I recently purchased a 530 to replace my old trusty 520. I set it up according to the instructions. I am reasonably tech savvy.
Apart from that I have made no changes. I have an indoor trainer which is a Tacx Neo and I use the same bike on and off the trainer. My roadbike has a duotrap cadence meter which has worked fine for many years.
With my old 520 my cadence readings were fine no matter when I was on the road or on my indoor trainer and I don’t recall any challenges setting it up.

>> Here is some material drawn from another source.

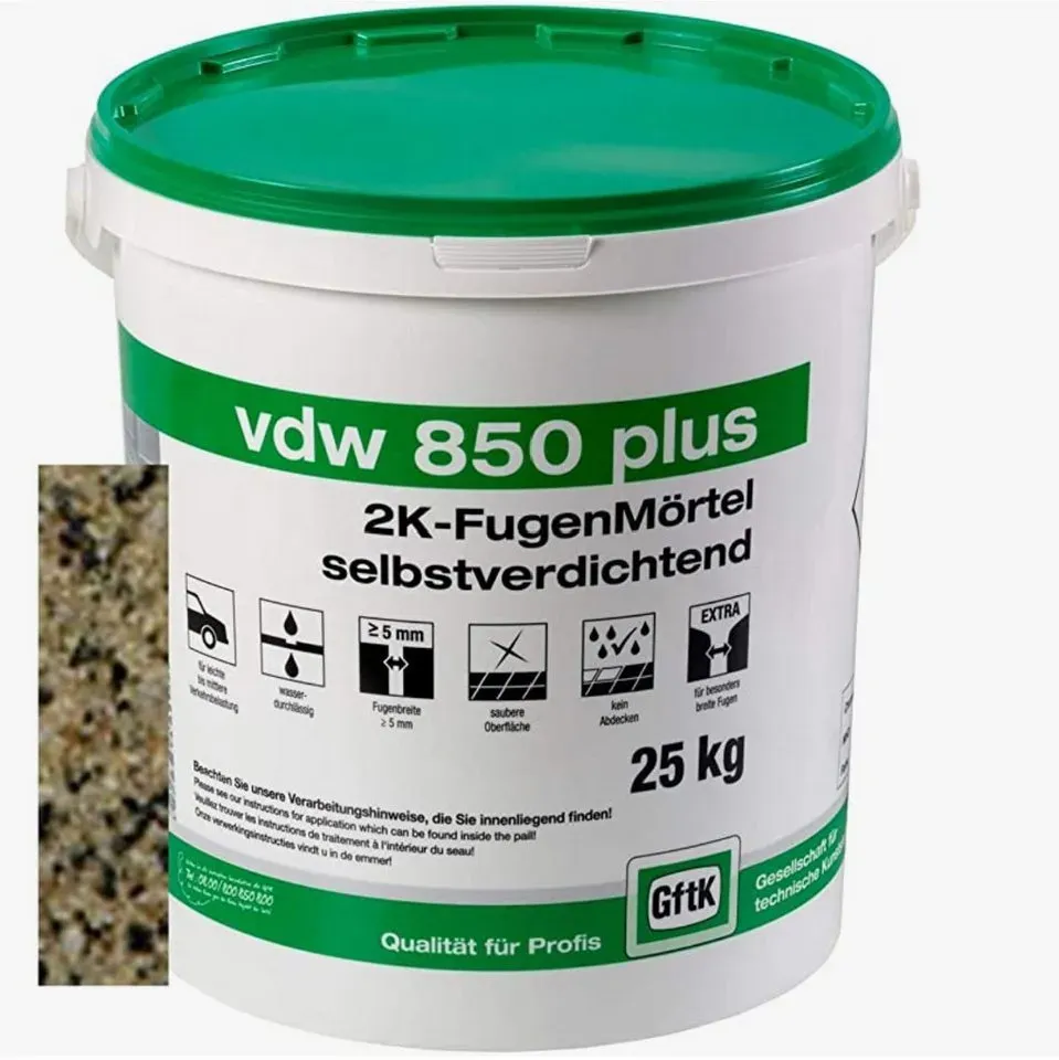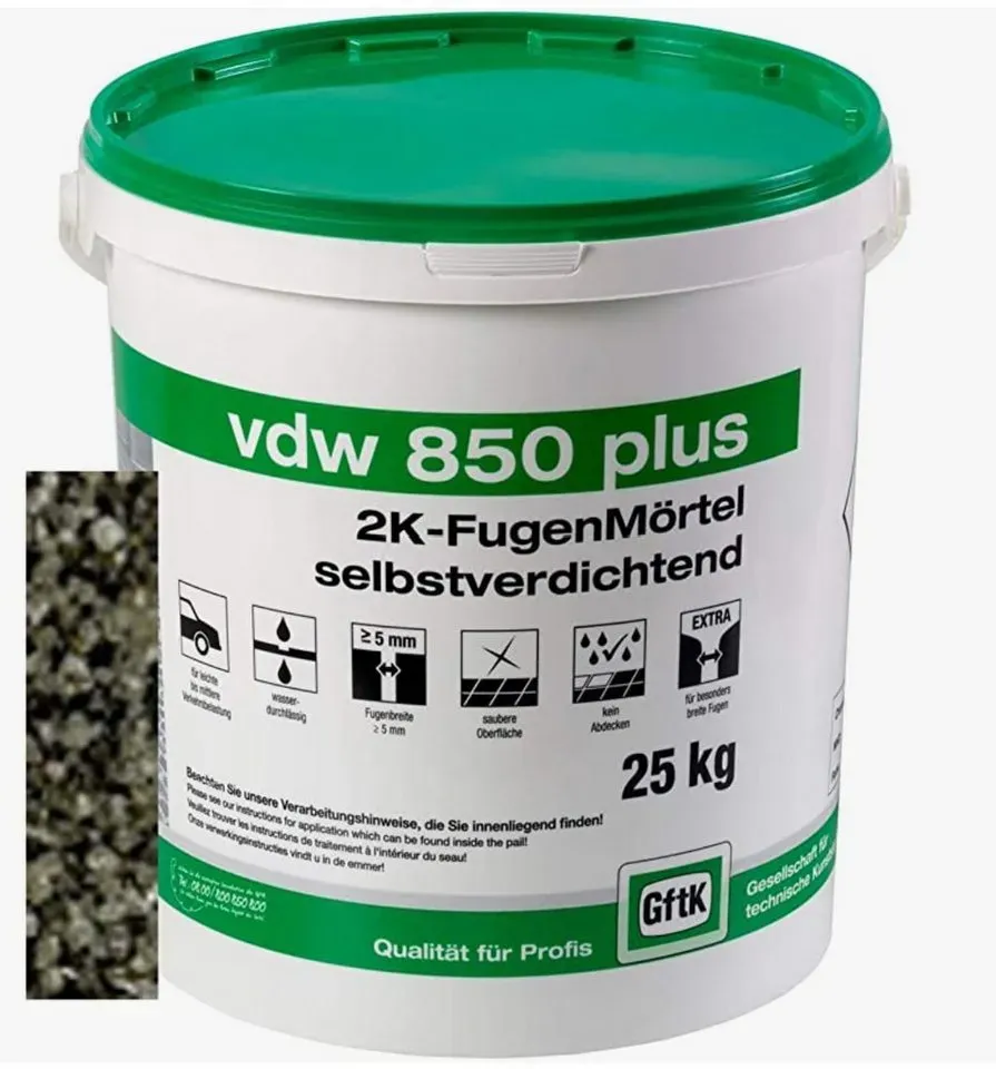 5 Händlerangebote bei billiger.de - Kategorie: Baumaterial - GftK - vdw 850 plus 2K-Fugenmörtel 25kg selbstverdichtend Reaktionsharzgebundener Pflasterfugenmörtel mit abgestufter Mineralkornmischung Der vdw 850 plus 2K-Fugenmörtel ist die ideale Lösung für die Verfugung von Natursteinpflaster, Betonsteinpflaster und Klinkerbelägen in Bereichen mit leichter bis mittl - GTIN:4049617853032 ![]() ![]() GftK vdw 850 plus 2K-Fugenmörtel 25kg selbstverdichtend - 25 kg

With my new 530 my cadence readings are still fine out on the road. However, on my indoor trainer my cadence readings start ok but quickly overshoot to nearly double what they should be (I have been riding for 5 years using sensors so I am sure about this). My cadence then continues to spike and revert to normal levels and then spike and revert to normal levels. Also it seems to be that towards the end of the ride or when I am pushing for a higher power output that the cadence reading settles down to something more reasonable. After trawling through this forum and others I have concluded that this issue is probably the Tacx cadence itself which is a calculated number. I know I don’t have a smooth pedal stroke due to an old knee injury. I also checked that it’s the Tacx cadence output by using the Tacx Utility where the readout exactly corresponds with my cadence readout on my 530.
I have updated the Tacx firmware to current.
After much fiddling about changing sensors connections on my 530 I still cannot isolate to reading the cadence from my duotrap but the power from my Tacx. So as far as I can tell I cannot solve this problem. The only way not to have the Tacx cadence output showing on my 530 screen during my ride is to disconnect my Tacx indoor sensors entirely from the 530 device which would mean I also dont get the power output which defeats the purpose of having my Tacx for indoor training in the first place.
So my ask is, just in case I have missed it somewhere, ...can anyone tell me how I can solve this?